**Assignment:**
The stretch wanted below opens at the line containing "Lot of Three" and closes at the line containing "Решение: Поскольку в". Please return it exactly, with no other lines.

**Dataset content:**
::::::

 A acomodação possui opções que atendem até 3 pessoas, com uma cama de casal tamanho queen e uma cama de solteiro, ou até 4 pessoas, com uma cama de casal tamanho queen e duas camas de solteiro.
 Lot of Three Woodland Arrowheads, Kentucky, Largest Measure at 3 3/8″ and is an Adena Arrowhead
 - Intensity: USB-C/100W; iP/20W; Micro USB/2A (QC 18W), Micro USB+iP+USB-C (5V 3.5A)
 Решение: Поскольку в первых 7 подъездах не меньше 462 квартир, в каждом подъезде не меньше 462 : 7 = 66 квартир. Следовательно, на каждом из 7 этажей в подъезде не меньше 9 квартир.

::::::

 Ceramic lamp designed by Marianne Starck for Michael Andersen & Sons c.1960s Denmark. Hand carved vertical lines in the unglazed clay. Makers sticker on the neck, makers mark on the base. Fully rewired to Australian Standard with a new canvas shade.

::::::

**Result:**
 Lot of Three Woodland Arrowheads, Kentucky, Largest Measure at 3 3/8″ and is an Adena Arrowhead
 - Intensity: USB-C/100W; iP/20W; Micro USB/2A (QC 18W), Micro USB+iP+USB-C (5V 3.5A)
 Решение: Поскольку в первых 7 подъездах не меньше 462 квартир, в каждом подъезде не меньше 462 : 7 = 66 квартир. Следовательно, на каждом из 7 этажей в подъезде не меньше 9 квартир.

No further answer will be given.